> What is required:
Below are the entries. Print only the lines starting at the one with "- Point-to-Point connection" and ending at the one with "Runde Gemälde Weiße Blume", exactly, with no pictures.

[Records from a data collection]
"""

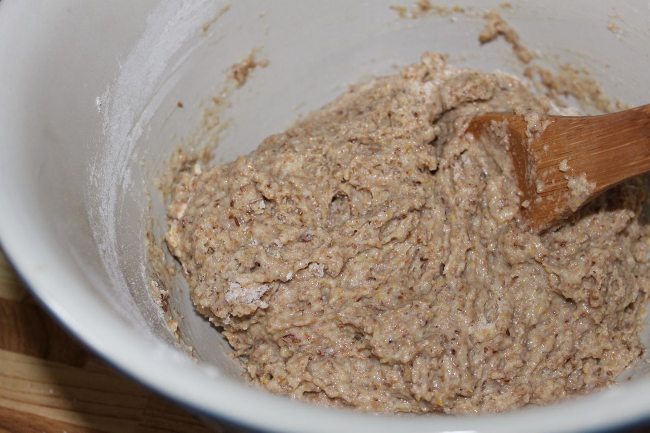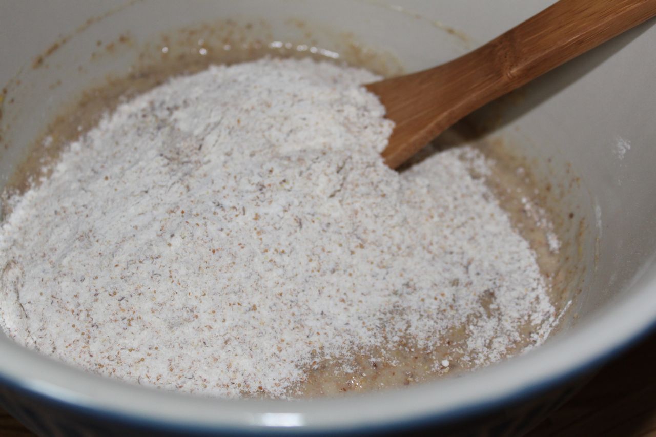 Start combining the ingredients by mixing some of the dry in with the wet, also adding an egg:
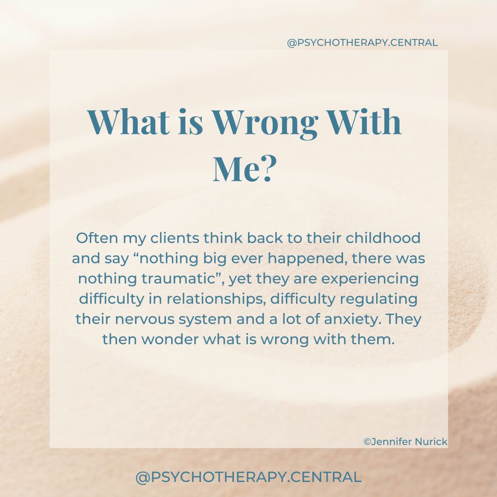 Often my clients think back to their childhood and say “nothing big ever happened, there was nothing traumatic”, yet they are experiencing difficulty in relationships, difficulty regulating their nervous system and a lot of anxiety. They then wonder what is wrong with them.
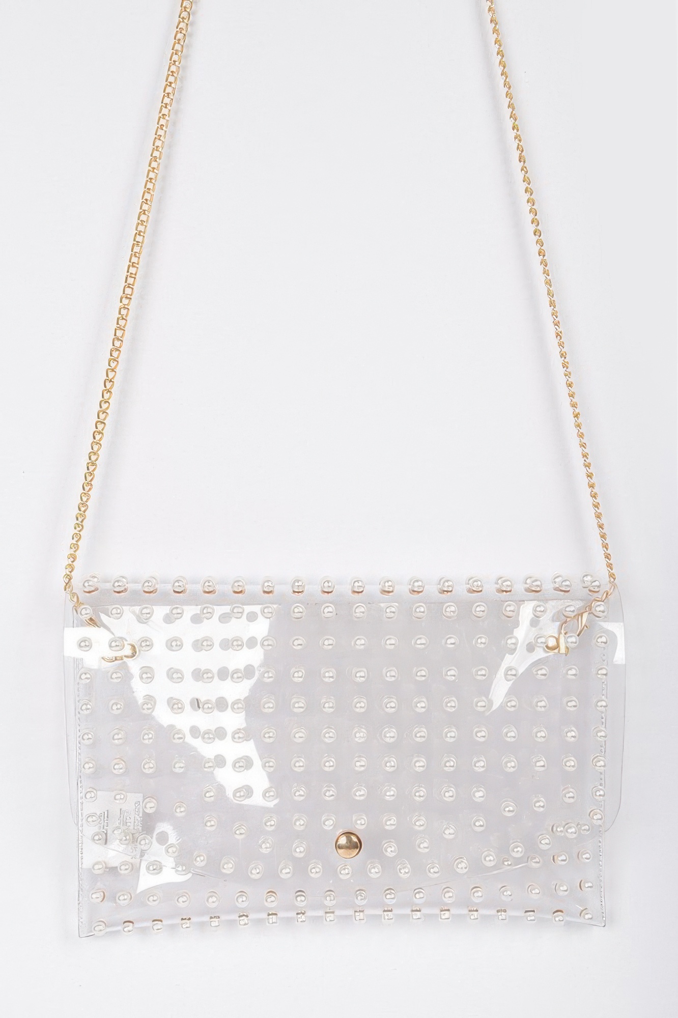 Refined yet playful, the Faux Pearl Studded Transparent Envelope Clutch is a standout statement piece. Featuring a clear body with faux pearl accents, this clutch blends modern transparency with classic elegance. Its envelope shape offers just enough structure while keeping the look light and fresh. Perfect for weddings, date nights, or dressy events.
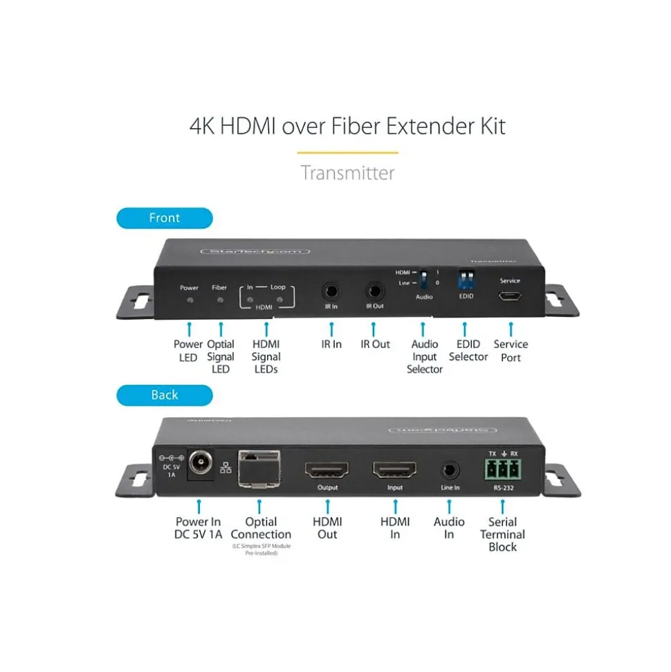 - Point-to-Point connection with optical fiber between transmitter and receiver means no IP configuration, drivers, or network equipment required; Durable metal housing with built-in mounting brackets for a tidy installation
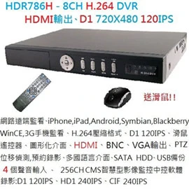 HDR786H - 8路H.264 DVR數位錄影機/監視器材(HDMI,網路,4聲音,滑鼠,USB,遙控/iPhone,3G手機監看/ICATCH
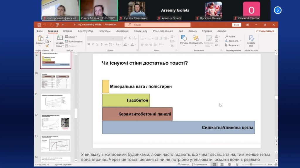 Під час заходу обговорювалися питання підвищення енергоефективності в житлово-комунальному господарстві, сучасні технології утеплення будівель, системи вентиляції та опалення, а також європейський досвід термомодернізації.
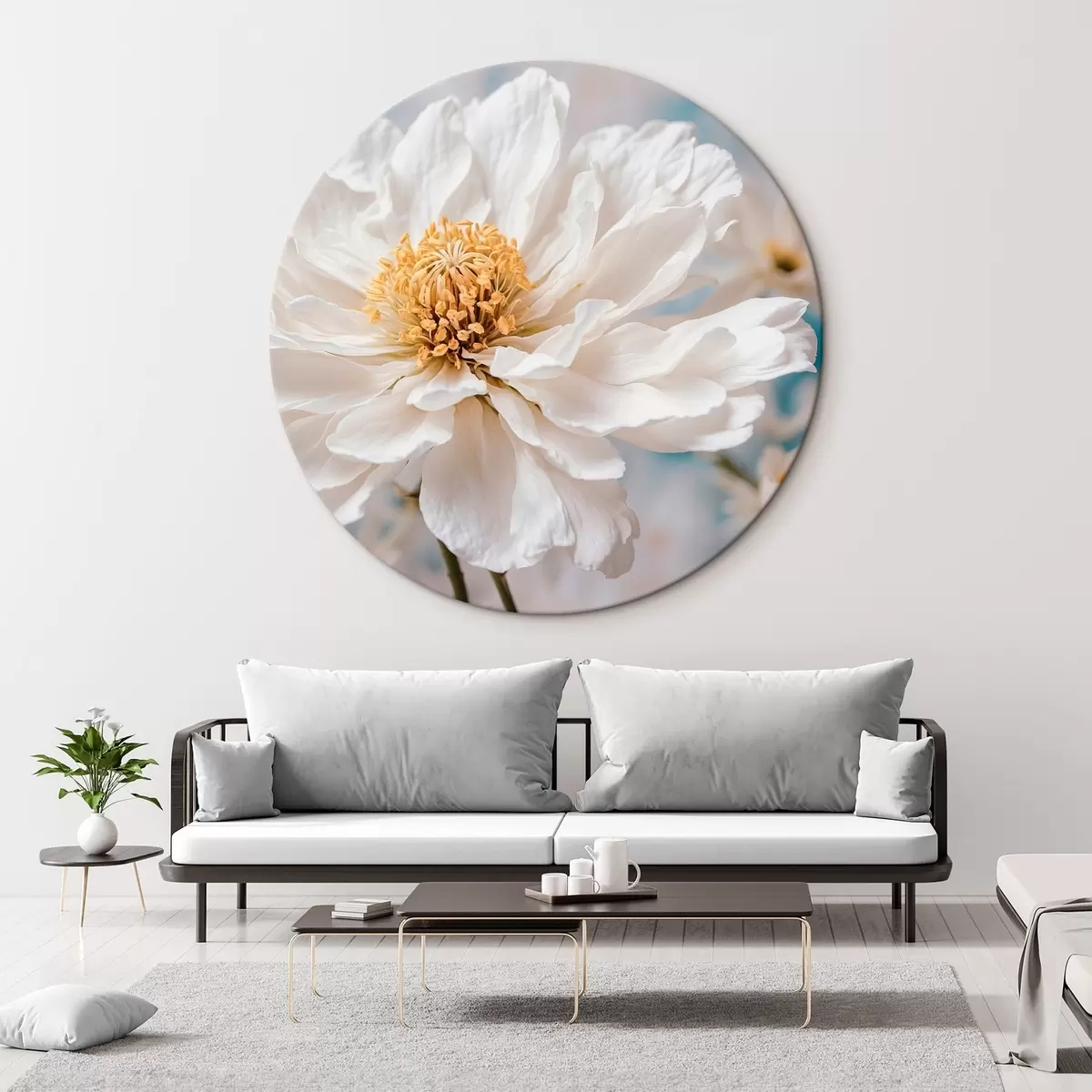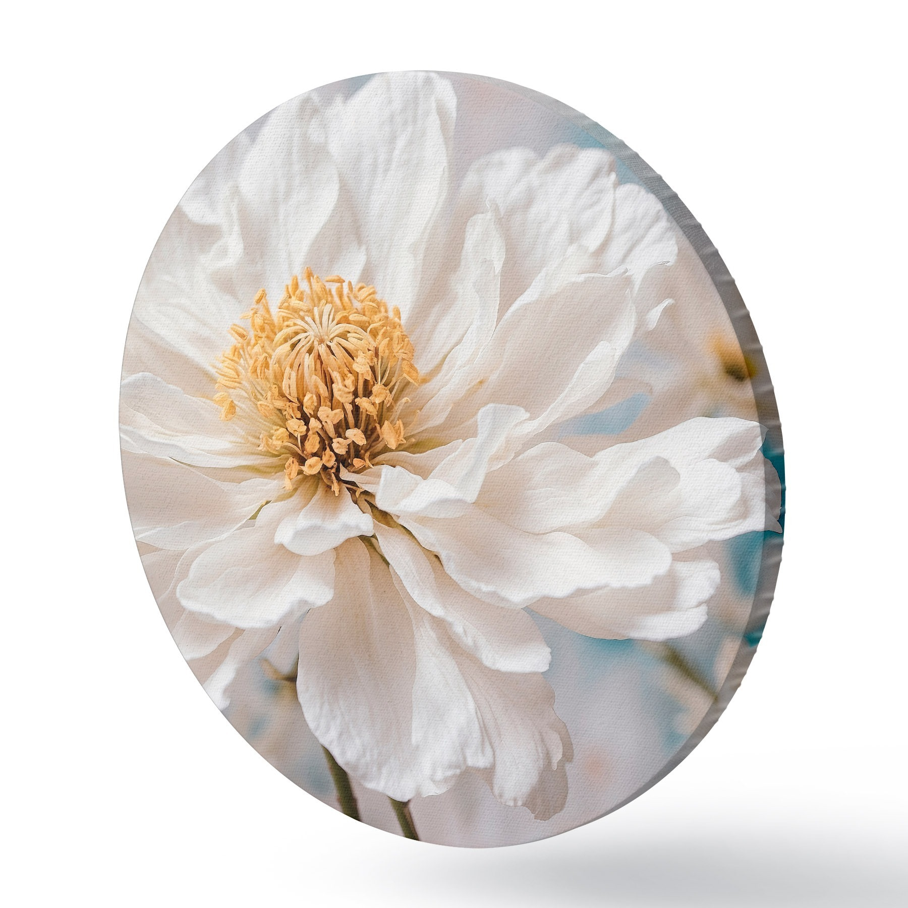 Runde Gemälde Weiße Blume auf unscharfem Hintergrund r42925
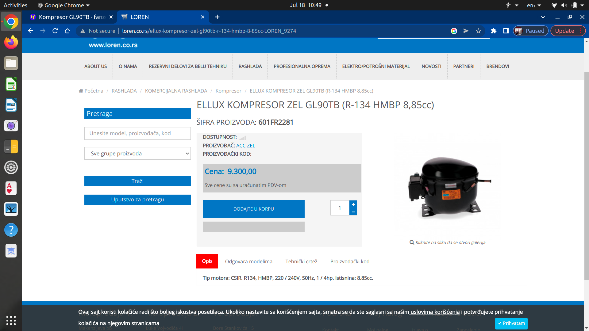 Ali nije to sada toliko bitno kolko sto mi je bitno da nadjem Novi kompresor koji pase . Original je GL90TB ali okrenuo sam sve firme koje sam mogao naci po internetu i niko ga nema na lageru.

"""

> Output for this task:
 - Point-to-Point connection with optical fiber between transmitter and receiver means no IP configuration, drivers, or network equipment required; Durable metal housing with built-in mounting brackets for a tidy installation
 HDR786H - 8路H.264 DVR數位錄影機/監視器材(HDMI,網路,4聲音,滑鼠,USB,遙控/iPhone,3G手機監看/ICATCH
 Під час заходу обговорювалися питання підвищення енергоефективності в житлово-комунальному господарстві, сучасні технології утеплення будівель, системи вентиляції та опалення, а також європейський досвід термомодернізації.
 Runde Gemälde Weiße Blume auf unscharfem Hintergrund r42925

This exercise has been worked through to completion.